FCPFNet: Feature Complementation Network with Pyramid Fusion for Semantic Segmentation

Jingsheng Lei,Chente Shu,Qiang Xu,Yunxiang Yu,Shengying Yang
DOI: https://doi.org/10.1007/s11063-024-11464-9
IF: 2.565
2024-02-21
Neural Processing Letters
Abstract:Traditional pyramid pooling modules have shown effective improvements in semantic segmentation tasks by capturing multi-scale feature information. However, their limitations arise from the shallow structure, which fails to fully extract contextual information, and the fused multi-scale feature information lacks distinctiveness, resulting in issues with the final segmentation discriminability. To address these issues, we proposes an effective solution called FCPFNet, which is based on global contextual prior for deep feature extraction of detailed information. Specifically, we introduce a novel deep feature aggregation module to extract semantic information from the output feature map of each layer through a deep aggregation of context information module, and expands the effective perception range. Additionally, we propose an Efficient Pyramid Pooling Module (EPPM) to capture distinctive features through communicating information between different sub-features and performs multi-scale fusion, which is integrated as a branch within the network to complement the information loss resulting from downsampling operations. Furthermore, in order to ensure the richness of image detail feature information and maintain a large receptive field to obtain more contextual information, EPPM concatenates the input feature map and the output feature map of the pyramid pooling module to acquire more comprehensive global contextual information. It has been demonstrated by experiment that the method described in this article achieves competitive performance on the challenging scene segmentation datasets Pascal VOC 2012, Cityscapes and Coco-Stuff, with MIOU of 81.0%, 78.8% and 40.1%, respectively.

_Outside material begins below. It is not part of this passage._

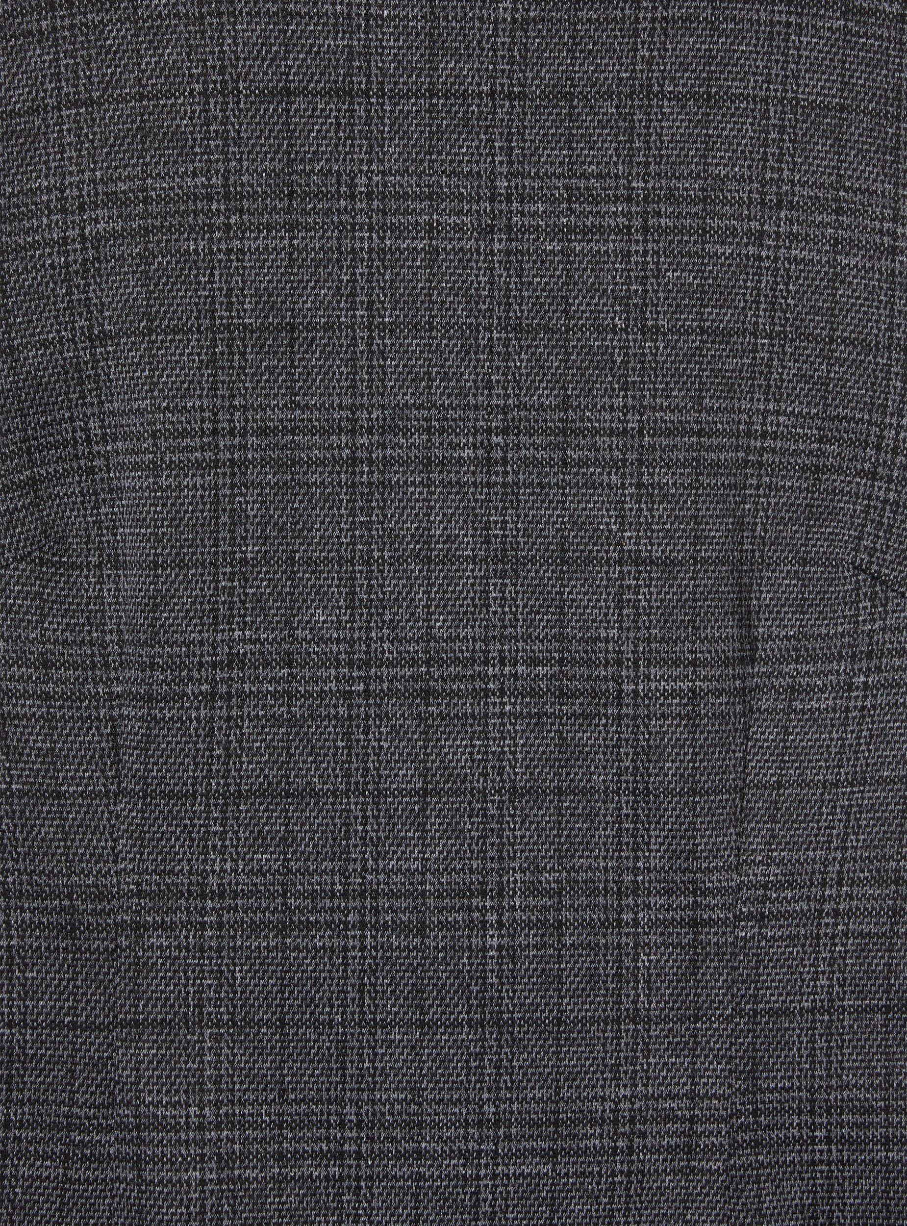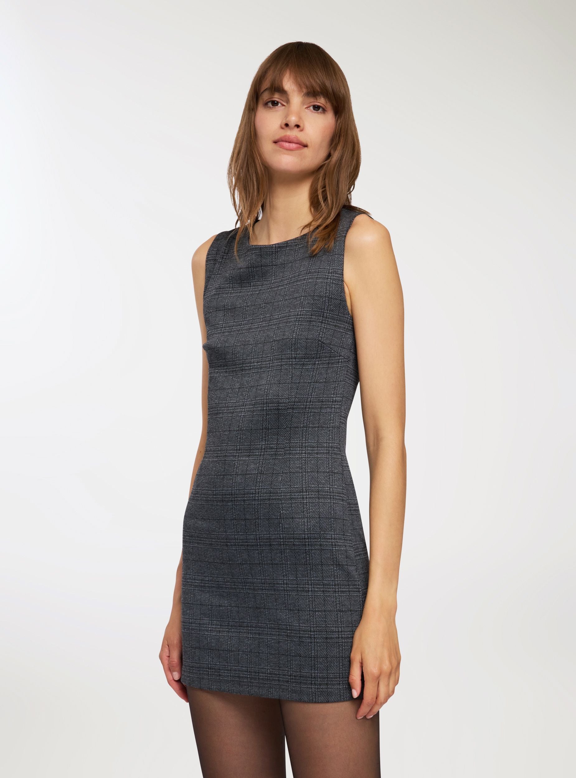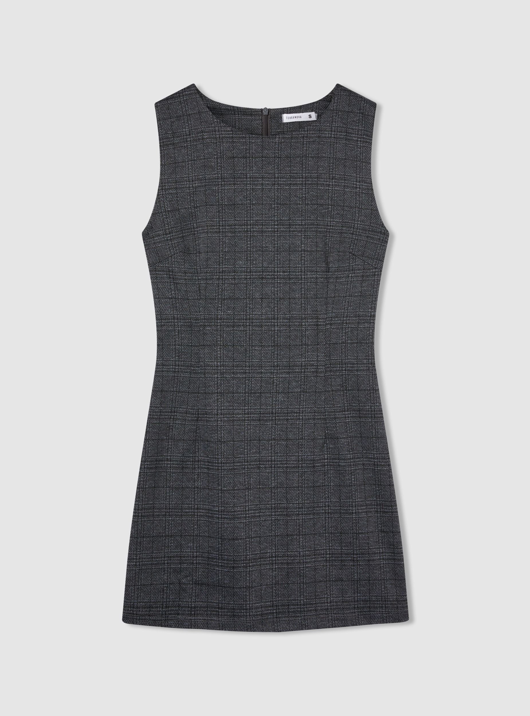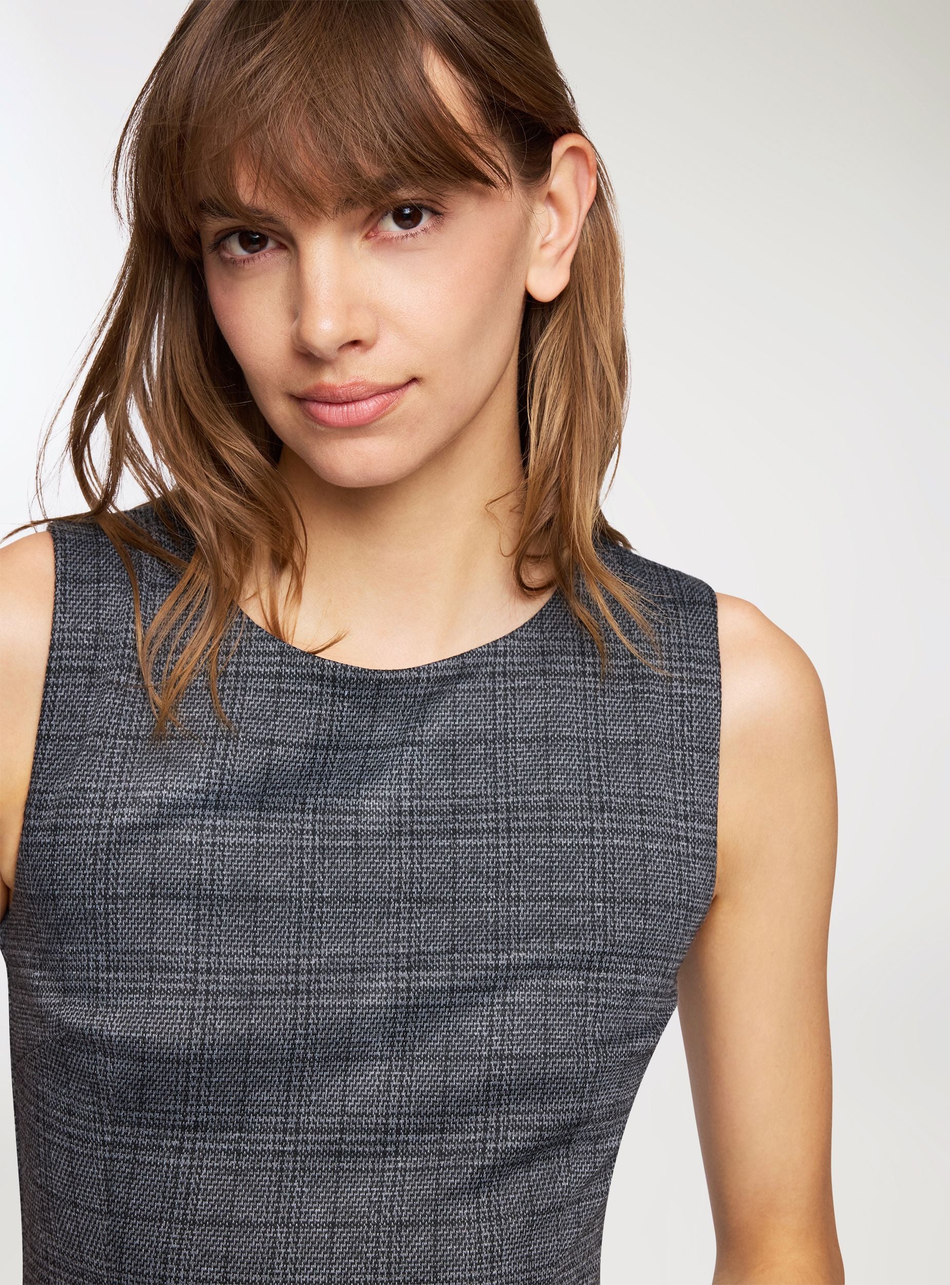 Sukienka damska o bezrękawowym kroju i dopasowanym fasonie. Posiada wzór w kratę, który sprawia, że jest idealna na formalne lub zawodowe okazje. Tylny zamek błyskawiczny zapewnia wygodę i praktyczność. Doskonała do zestawienia z marynarką i eleganckim obuwiem, tworząc wyrafinowany i nowoczesny look.

computer science, artificial intelligence
What problem does this paper attempt to address?
The problem that this paper attempts to solve is the limitations of traditional pyramid pooling modules in semantic segmentation tasks. Specifically, these limitations include: 1. **Shallow Structure**: Due to its shallow structure, the traditional pyramid pooling module cannot fully extract context information. 2. **Lack of Discrimination in Multi - scale Feature Fusion**: The fused multi - scale feature information lacks discrimination, resulting in a decline in the discriminative ability of the final segmentation. To overcome these problems, the author proposes a new method named FCPFNet (Feature Complementation Network with Pyramid Fusion for Semantic Segmentation). FCPFNet improves the traditional pyramid pooling module through the following two main modules: 1. **Deep Feature Aggregation Module (DFAM)**: - Through a multi - layer fusion strategy, jointly model and complement various features to expand the receptive field. - Capture global and local feature information to improve the accuracy of multi - scale object segmentation. 2. **Efficient Pyramid Pooling Module (EPPM)**: - Through channel shuffling operations and attention mechanisms, simultaneously capture spatial attention and channel attention. - Establish long - distance dependencies between pixels, extract more discriminative multi - level features, provide more abundant context information, and especially improve the recognition accuracy of small targets at low resolutions. Through these improvements, FCPFNet has achieved excellent performance on challenging scene segmentation datasets such as Pascal VOC 2012, Cityscapes, and Coco - Stuff, reaching MIoU (Mean Intersection over Union) metrics of 81.0%, 78.8%, and 40.1% respectively.